### [What you have to do]
In the data that follows, find the line with "Именно при Фёдоре"; transcribe it, every later line up to the one with "Try to position", and that line as well, exactly and with no others.

Collected data
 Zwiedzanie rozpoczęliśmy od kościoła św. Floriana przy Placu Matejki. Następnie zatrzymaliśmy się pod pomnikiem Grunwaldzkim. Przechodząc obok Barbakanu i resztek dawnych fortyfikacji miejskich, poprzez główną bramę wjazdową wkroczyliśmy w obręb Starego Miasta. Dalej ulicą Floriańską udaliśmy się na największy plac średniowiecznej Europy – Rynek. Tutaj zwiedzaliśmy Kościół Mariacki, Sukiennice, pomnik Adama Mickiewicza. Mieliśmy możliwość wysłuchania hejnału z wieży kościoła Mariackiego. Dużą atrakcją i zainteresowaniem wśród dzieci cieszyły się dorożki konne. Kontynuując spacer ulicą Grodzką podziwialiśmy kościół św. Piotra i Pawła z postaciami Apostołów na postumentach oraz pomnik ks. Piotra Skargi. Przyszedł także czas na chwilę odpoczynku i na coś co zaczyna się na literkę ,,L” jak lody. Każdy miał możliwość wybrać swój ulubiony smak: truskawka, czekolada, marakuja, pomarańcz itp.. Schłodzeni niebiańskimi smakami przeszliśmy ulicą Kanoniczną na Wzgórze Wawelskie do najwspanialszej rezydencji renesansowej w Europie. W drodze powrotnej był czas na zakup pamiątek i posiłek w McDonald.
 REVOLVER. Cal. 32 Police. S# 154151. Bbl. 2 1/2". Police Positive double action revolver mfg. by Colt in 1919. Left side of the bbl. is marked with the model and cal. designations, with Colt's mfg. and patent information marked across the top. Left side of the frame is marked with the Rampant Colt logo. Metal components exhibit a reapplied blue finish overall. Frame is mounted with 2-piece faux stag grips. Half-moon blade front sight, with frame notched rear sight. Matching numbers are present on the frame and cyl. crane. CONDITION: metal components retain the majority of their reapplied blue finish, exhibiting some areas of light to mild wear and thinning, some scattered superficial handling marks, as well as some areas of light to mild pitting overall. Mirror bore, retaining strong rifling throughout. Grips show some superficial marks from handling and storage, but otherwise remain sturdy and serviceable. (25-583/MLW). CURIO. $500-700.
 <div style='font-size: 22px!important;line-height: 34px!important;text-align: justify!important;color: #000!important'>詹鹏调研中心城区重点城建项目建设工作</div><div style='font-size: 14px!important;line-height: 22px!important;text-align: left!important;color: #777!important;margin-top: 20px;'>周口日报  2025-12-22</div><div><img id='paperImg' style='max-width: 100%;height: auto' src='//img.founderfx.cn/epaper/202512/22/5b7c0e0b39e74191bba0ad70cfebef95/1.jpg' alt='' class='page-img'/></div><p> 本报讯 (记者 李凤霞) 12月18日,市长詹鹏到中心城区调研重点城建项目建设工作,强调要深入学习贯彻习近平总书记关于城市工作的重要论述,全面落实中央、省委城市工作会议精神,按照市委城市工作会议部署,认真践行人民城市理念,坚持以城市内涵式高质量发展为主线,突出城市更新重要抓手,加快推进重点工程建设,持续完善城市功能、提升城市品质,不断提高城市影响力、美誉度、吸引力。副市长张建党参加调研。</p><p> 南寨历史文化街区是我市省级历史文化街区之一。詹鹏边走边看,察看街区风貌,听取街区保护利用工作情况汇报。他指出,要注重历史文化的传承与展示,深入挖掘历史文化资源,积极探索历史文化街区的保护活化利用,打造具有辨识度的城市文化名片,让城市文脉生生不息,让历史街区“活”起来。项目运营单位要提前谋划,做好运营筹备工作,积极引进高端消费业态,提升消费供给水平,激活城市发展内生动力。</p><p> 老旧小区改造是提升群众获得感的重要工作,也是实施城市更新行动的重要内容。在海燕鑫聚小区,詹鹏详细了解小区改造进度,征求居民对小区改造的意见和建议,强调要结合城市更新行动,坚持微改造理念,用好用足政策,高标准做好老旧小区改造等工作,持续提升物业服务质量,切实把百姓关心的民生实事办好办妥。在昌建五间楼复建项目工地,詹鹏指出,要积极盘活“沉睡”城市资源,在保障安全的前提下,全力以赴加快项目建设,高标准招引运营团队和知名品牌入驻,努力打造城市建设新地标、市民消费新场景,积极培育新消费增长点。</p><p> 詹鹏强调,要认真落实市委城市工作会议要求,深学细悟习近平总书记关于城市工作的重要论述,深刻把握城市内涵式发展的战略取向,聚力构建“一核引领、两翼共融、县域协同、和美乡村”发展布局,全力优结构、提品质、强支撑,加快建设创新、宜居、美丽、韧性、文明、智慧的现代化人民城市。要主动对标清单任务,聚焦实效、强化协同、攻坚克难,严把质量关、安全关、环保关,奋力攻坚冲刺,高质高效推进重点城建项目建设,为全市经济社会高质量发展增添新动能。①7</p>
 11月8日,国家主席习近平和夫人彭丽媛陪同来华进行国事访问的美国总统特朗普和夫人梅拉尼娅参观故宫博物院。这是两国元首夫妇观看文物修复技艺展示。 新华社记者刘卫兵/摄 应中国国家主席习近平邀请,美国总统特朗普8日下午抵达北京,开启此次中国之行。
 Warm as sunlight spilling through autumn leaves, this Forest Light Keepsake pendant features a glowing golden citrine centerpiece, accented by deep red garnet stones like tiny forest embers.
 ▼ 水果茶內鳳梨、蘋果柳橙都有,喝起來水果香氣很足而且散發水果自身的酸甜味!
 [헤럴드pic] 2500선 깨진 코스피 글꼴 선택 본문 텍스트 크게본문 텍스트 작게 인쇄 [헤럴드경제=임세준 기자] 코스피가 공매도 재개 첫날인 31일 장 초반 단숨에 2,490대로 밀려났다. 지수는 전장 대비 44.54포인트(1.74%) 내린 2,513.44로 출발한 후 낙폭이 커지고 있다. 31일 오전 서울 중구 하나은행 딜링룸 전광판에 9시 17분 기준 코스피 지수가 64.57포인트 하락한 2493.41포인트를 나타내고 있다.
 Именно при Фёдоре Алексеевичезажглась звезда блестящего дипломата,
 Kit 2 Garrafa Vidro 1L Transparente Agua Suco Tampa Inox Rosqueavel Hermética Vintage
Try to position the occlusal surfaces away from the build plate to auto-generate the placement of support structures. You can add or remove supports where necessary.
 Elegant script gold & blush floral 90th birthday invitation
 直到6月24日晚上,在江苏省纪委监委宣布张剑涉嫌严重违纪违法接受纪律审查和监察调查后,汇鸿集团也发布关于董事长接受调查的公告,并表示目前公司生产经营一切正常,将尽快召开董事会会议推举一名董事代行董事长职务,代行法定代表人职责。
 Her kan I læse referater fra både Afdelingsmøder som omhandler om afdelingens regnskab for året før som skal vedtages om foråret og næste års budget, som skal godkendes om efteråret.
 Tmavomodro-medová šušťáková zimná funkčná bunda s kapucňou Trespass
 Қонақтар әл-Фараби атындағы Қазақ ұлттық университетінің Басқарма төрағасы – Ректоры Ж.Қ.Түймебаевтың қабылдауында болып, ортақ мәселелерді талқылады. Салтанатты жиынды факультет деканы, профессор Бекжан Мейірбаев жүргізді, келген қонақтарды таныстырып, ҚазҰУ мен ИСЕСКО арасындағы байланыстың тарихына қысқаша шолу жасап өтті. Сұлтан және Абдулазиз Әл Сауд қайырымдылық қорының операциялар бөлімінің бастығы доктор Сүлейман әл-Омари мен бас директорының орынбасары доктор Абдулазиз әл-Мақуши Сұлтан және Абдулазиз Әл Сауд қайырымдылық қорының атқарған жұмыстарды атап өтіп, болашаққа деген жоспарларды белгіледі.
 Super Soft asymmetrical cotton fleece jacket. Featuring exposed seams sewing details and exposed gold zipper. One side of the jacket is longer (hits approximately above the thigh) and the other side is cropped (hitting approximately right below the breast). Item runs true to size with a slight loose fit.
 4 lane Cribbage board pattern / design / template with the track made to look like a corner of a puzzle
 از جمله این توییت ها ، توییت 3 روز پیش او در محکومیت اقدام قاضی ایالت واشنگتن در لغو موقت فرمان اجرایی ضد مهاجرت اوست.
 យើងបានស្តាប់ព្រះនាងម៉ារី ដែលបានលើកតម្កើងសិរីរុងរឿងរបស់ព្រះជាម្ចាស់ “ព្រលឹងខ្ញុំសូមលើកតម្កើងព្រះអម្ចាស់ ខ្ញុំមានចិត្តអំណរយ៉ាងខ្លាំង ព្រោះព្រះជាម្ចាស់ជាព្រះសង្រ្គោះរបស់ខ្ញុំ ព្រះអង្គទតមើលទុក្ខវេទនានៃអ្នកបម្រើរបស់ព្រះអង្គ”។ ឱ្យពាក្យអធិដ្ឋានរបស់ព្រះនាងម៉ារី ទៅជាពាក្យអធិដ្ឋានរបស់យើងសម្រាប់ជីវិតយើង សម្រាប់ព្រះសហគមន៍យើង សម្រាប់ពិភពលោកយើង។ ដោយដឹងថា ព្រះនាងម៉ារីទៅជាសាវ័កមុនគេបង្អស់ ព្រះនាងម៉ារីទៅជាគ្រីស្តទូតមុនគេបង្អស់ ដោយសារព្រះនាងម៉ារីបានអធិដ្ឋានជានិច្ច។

### [Answer to the problem]
 Именно при Фёдоре Алексеевичезажглась звезда блестящего дипломата,
 Kit 2 Garrafa Vidro 1L Transparente Agua Suco Tampa Inox Rosqueavel Hermética Vintage
Try to position the occlusal surfaces away from the build plate to auto-generate the placement of support structures. You can add or remove supports where necessary.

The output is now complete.